(Saved entries)
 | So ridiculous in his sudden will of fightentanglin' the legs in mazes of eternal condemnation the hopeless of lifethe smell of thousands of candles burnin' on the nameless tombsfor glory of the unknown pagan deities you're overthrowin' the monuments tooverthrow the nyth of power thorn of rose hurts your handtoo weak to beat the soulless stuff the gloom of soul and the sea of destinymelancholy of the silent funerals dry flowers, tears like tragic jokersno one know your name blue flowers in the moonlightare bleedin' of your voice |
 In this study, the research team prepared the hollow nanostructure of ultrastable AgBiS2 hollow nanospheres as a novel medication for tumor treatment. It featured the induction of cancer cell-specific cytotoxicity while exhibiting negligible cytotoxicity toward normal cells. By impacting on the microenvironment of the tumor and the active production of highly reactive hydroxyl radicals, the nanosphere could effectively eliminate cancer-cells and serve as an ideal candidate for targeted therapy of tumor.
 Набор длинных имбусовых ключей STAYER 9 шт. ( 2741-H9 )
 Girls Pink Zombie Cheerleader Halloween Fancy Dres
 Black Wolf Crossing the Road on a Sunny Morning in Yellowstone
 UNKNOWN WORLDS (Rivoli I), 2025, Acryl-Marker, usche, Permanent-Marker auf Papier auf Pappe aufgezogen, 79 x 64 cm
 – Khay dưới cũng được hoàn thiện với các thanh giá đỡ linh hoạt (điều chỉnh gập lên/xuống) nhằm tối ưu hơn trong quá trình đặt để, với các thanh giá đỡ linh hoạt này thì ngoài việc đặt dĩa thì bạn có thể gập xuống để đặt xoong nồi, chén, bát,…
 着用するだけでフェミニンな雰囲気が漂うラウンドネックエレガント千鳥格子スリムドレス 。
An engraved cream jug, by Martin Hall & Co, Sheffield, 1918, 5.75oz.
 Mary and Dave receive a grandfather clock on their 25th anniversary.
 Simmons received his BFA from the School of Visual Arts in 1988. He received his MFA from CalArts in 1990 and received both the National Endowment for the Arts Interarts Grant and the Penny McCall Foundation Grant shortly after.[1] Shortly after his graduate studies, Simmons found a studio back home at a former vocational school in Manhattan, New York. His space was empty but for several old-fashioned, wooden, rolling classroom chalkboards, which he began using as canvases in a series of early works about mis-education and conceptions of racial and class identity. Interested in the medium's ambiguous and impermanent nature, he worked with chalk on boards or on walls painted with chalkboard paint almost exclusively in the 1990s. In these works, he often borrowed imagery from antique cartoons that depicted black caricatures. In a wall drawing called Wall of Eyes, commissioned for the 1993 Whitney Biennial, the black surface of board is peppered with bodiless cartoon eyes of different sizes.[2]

**Your goal:** Copy the lines above exactly, beginning at the line that has "Набор длинных имбусовых" and stopping after the line that has "nồi, chén, bát,…", and omit the rest.

**Answer section:**
 Набор длинных имбусовых ключей STAYER 9 шт. ( 2741-H9 )
 Girls Pink Zombie Cheerleader Halloween Fancy Dres
 Black Wolf Crossing the Road on a Sunny Morning in Yellowstone
 UNKNOWN WORLDS (Rivoli I), 2025, Acryl-Marker, usche, Permanent-Marker auf Papier auf Pappe aufgezogen, 79 x 64 cm
 – Khay dưới cũng được hoàn thiện với các thanh giá đỡ linh hoạt (điều chỉnh gập lên/xuống) nhằm tối ưu hơn trong quá trình đặt để, với các thanh giá đỡ linh hoạt này thì ngoài việc đặt dĩa thì bạn có thể gập xuống để đặt xoong nồi, chén, bát,…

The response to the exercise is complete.